GATK4 Somatic Variant Caller for Tumour Only Samples with Targeted BED

GATK4_SomaticVariantCallerTumorOnlyTargeted · 2 contributors · 1 version

This is a VariantCaller based on the GATK Best Practice pipelines. It uses the GATK4 toolkit, specifically 4.1.2.

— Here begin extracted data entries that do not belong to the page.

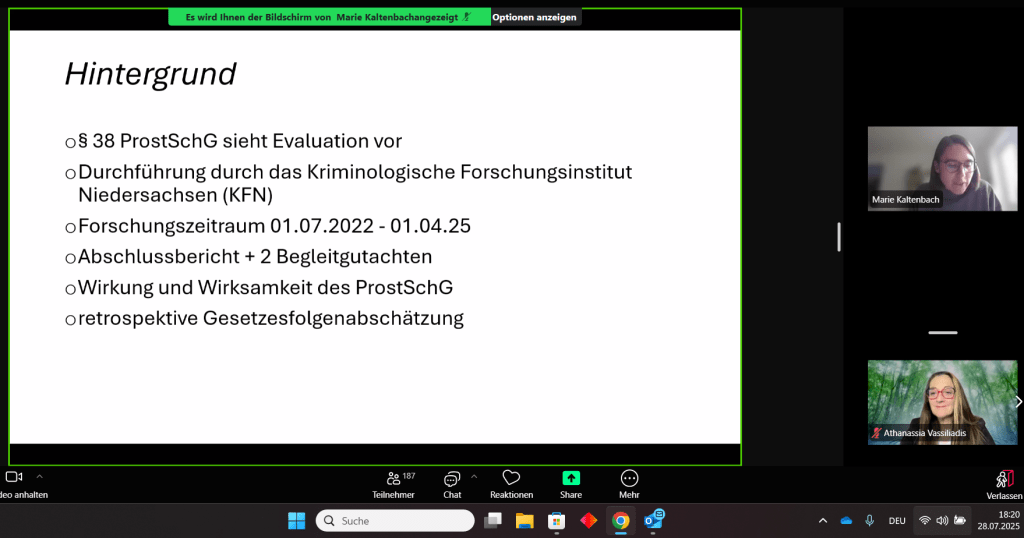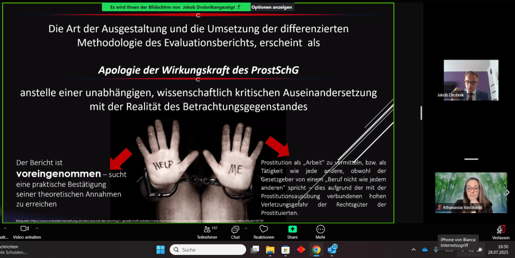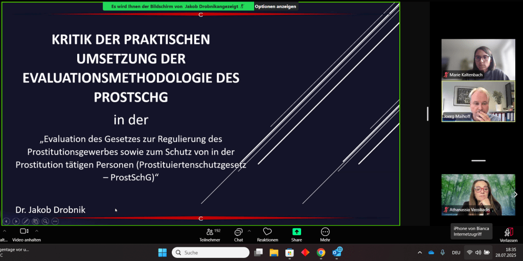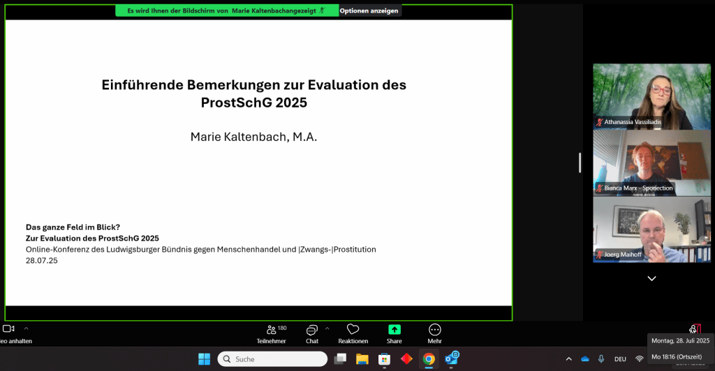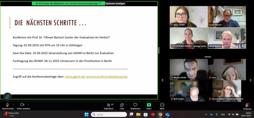 Am Montag, den 28.07.2025 fand um 18 Uhr Deutsche Zeit, die Bundesweite Onlinekonferenz statt. Das Thema war der aktuell herausgebrachte Bericht zur Evaluierung des Prostituiertenschutzgesetzes.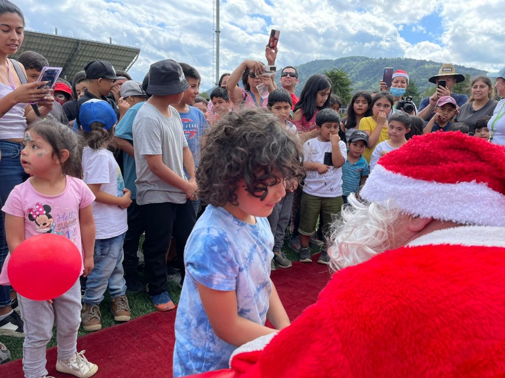 Los cálculos más pesimistas hablan que, al menos mil 500 personas se reunieron en la festividad navideña, realizada el pasado miércoles en el Estadio Municipal “Jonattan Muñoz Allulef” de Lican Ray en una actividad organizada por la Municipalidad de Villarrica, en conjunto con organizaciones locales, las que vieron coronar la festiva jornada con la llegada desde el aire del “Viejito Pascuero”, quien fue recibido con una ovación, especialmente por los infantes del sector.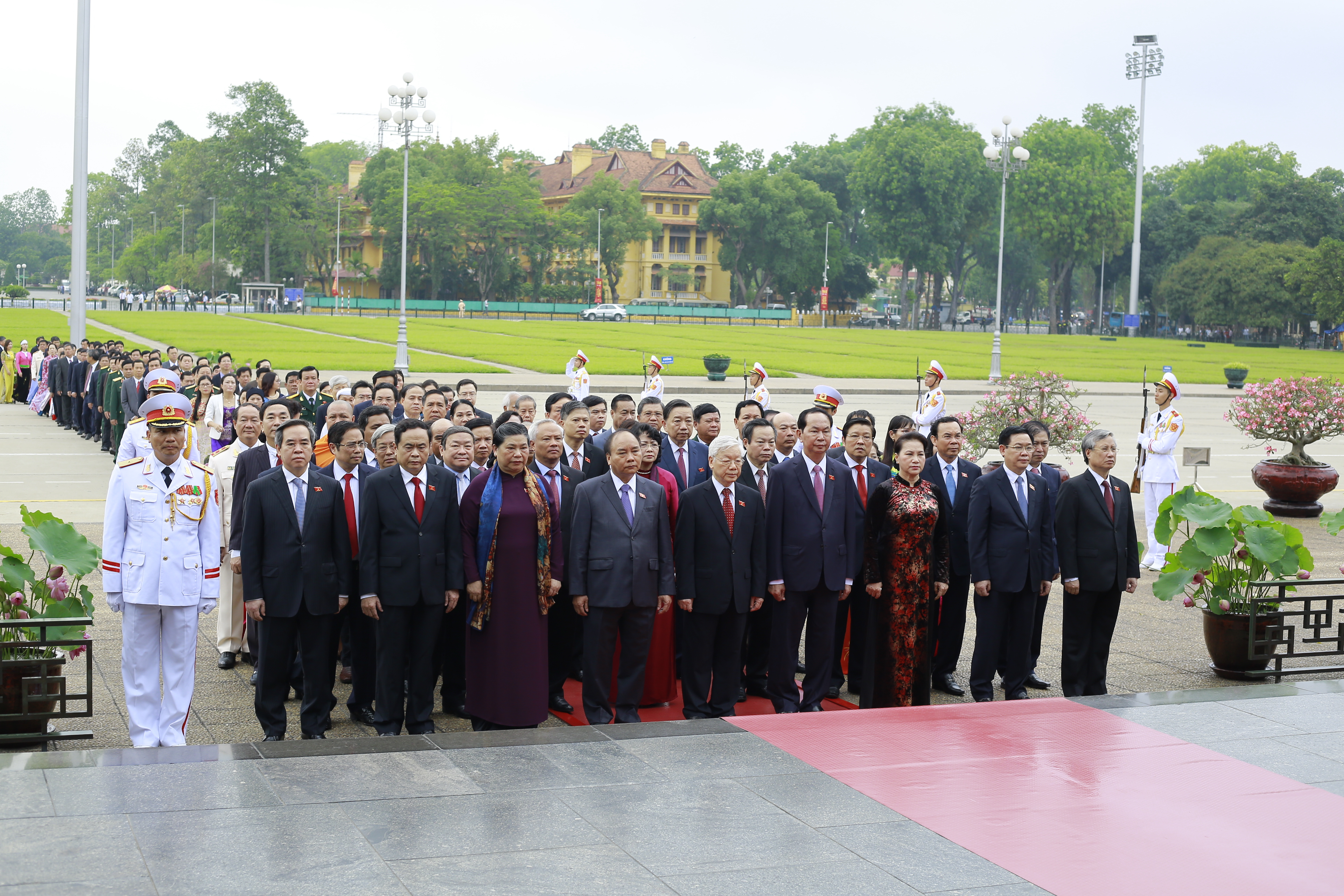 * Trước đó, lãnh đạo Ðảng, Nhà nước và đại diện các Ðoàn đại biểu Quốc hội đã đặt vòng hoa, vào Lăng viếng Chủ tịch Hồ Chí Minh. Quốc hội cũng đã họp phiên trù bị, thảo luận và biểu quyết thông qua Chương trình làm việc của Kỳ họp thứ 4, Quốc hội khóa XIV.  |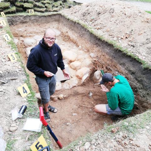 Ar­cheo­lo­gas K. Du­de­ris (kai­rė­je): "Iš vi­sų ty­ri­mų ge­riau­si ra­di­niai – čia. At­kas­ta baž­ny­čios pa­ma­tų da­lis, pa­lai­do­ji­mai, va­rio ly­di­nio smeig­tu­kas, li­tur­gi­nių dra­bu­žių frag­men­tai ir kt".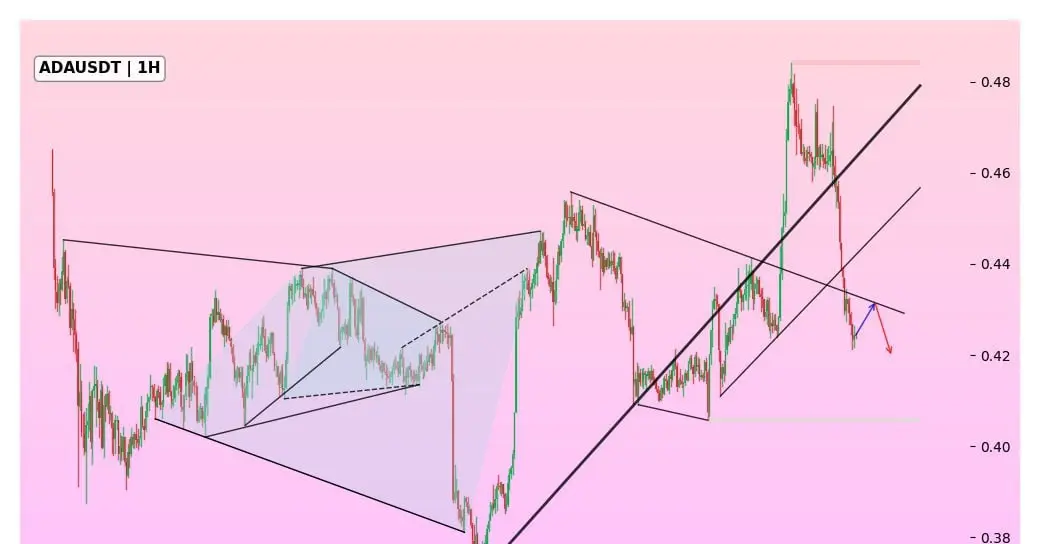 图表显示ADA在失去其上升结构并回测破裂趋势线的底部后急剧回落。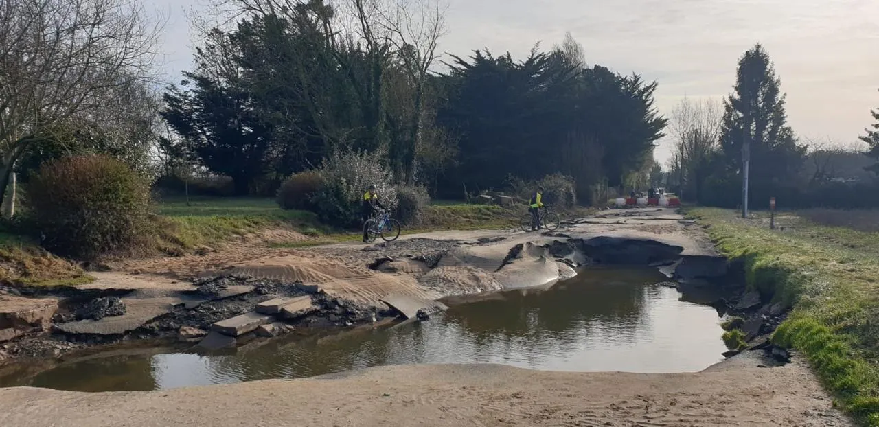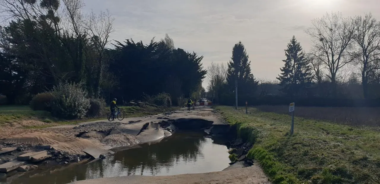 Entre Les Ponts-de-Cé et Juigné-sur-Loire, une crevasse a perforé la départementale, suite à la crue de la Loire © Vélo Club Madeleine

It has the following steps:

  1. Mutect2 (output: vcf, bam, f1r2.tar.gz)
  2. LearnOrientationModel
  3. GetPileupSummaries
  4. CalculateContamination
  5. FilterMutect2Calls
  6. SplitNormaliseVcf

Quickstart

from janis_bioinformatics.tools.variantcallers.gatk.gatksomatic_variants_single import GatkSomaticVariantCallerTumorOnlyTargeted

wf = WorkflowBuilder("myworkflow")

wf.step(
    "gatk4_somaticvariantcallertumoronlytargeted_step",
    GatkSomaticVariantCallerTumorOnlyTargeted(
        bam=None,
        reference=None,
        gnomad=None,
    )
)
wf.output("variants", source=gatk4_somaticvariantcallertumoronlytargeted_step.variants)
wf.output("out_bam", source=gatk4_somaticvariantcallertumoronlytargeted_step.out_bam)
wf.output("out", source=gatk4_somaticvariantcallertumoronlytargeted_step.out)

OR

  1. Install Janis
  2. Ensure Janis is configured to work with Docker or Singularity.
  3. Ensure all reference files are available:

Note

More information about these inputs are available below.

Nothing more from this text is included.